Ebola: Economic Lessons for Africa

Published on 4th November 2014

The African Union has resorted to asking the continent’s richest people to raise $100 million to pay the costs for volunteer doctors and nurses fighting Ebola in West Africa. The world’s largest Ebola outbreak has killed almost 5,000 people in Liberia, Guinea and Sierra Leone since December, exposing the region’s soft health and financing underbelly. About 5,000 international medical, training and support personnel are needed over the coming months to respond to the outbreak.

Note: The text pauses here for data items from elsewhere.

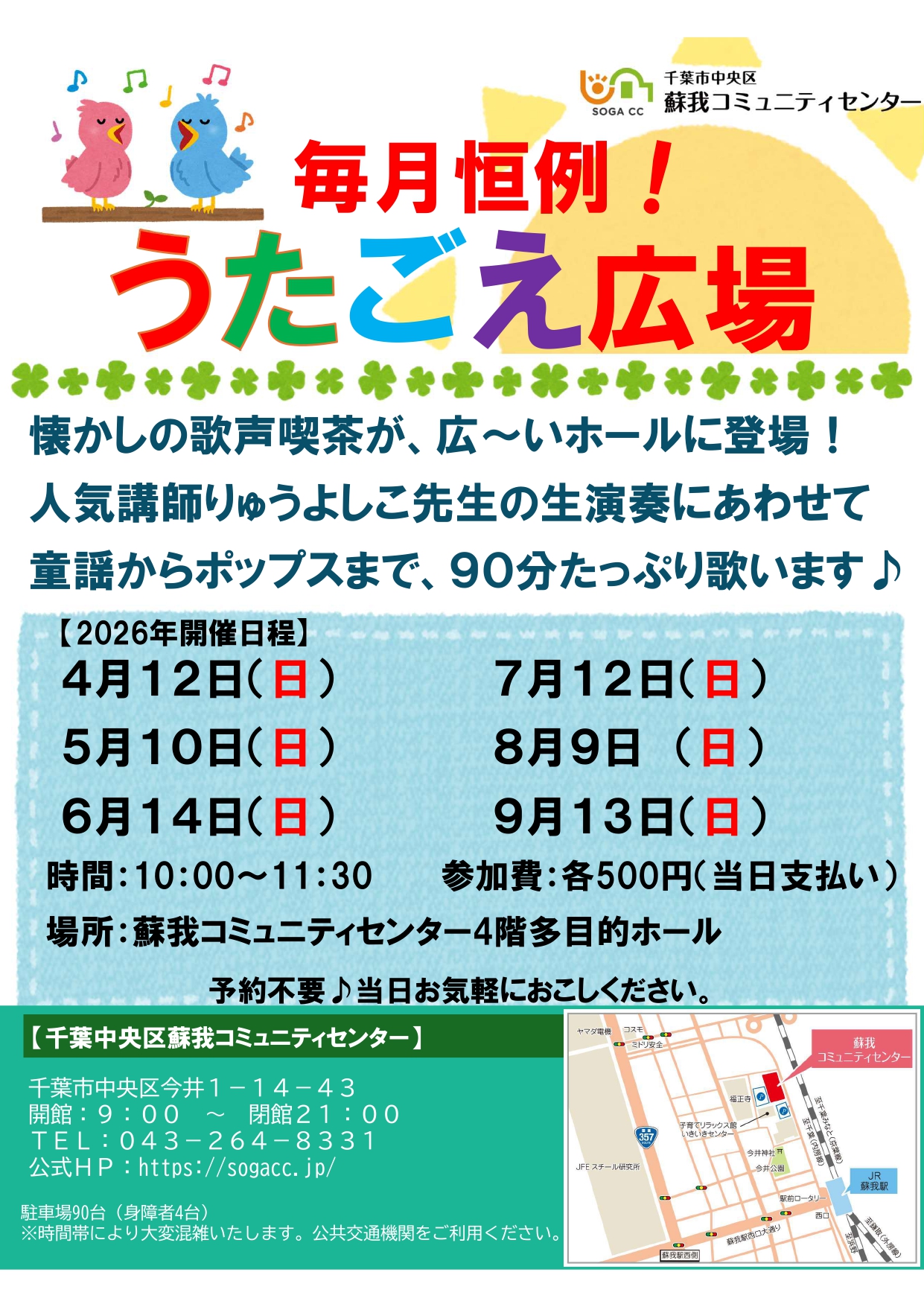 毎月第二日曜日は、蘇我コミの広いホールでたのしく元気に、大きな声でいっしょに歌いませんか??…
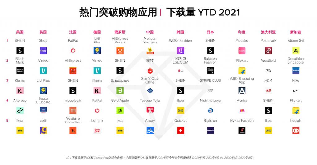 在韓國,Queenit 抵御了移動電子商務(wù)市場領(lǐng)導(dǎo)者 SHEIN 的挑戰(zhàn)(排名第三)。但在其他地區(qū),該應(yīng)用仍然占據(jù)主導(dǎo)地位。SHEIN 在日本的突破性購物應(yīng)用排行榜中名列前茅。這是該產(chǎn)品的另一項(xiàng)矚目成績,也使 Shein 成為全球最大的在線時(shí)尚公司,還有部分要?dú)w功于僅在 2021 年上半年,SHEIN 在 iOS 和 Google Play 上的應(yīng)用下載量就達(dá)到了 7600 萬次。
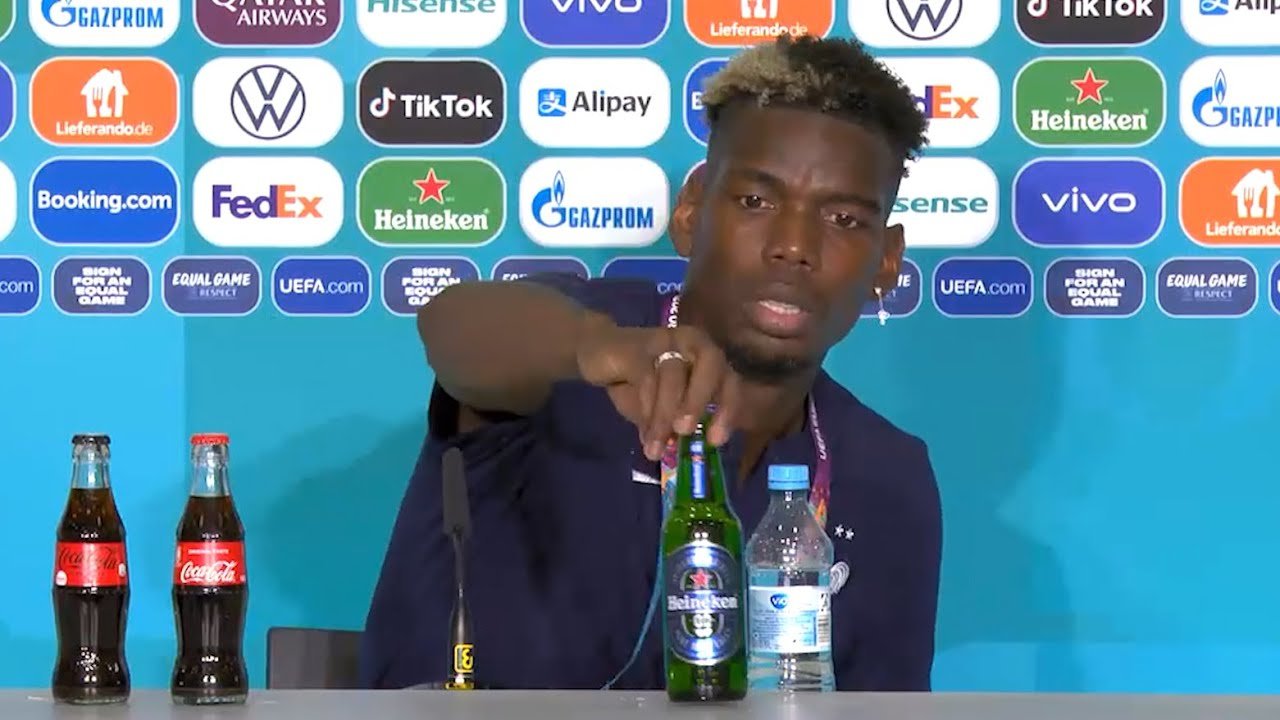 Евро-2020 тэмцээний хэвлэлийн бага хурлын үеэр Криштиану Роналду кока-кола ундаанаас татгалзаж байсантай ижил явдал өнөөдөр боллоо. Тодруулбал, Францын хөлбөмбөгчин Поль Погба хэвлэл мэдээллийн төв дэх ширээн дээрээс Heineken шар айргийг холдуулжээ.

Africa ought to have many millionaires but the old order of brandishing political and ethnic brands at the expense of ‘cake-baking’ brands has robbed it of its would-be millionaires.The culture of galvanising populations around “eating” the national cake instead of “baking” new ones and  fronting ‘messianic’ politics has not only shrunk the cake but enabled only a select few with connections to “the messiah” to enjoy the cake.

Africa must shun the old order and creatively come up with a system that will make individual Africans to bake their own cakes instead of relying on centralized cake handouts. The continent’s constitutions should be revised to enable all Africans to partake of their national cake by restricting a single group from using the law to monopolize the cakes. The continent must also quit the inherited economic systems that see it major on the production and export of primary goods. It must abstain from reforms that please donors to reforms that encourage entrepreneurship. This will raise more rich people, expand the African cake and avail ready funds for challenges in Africa.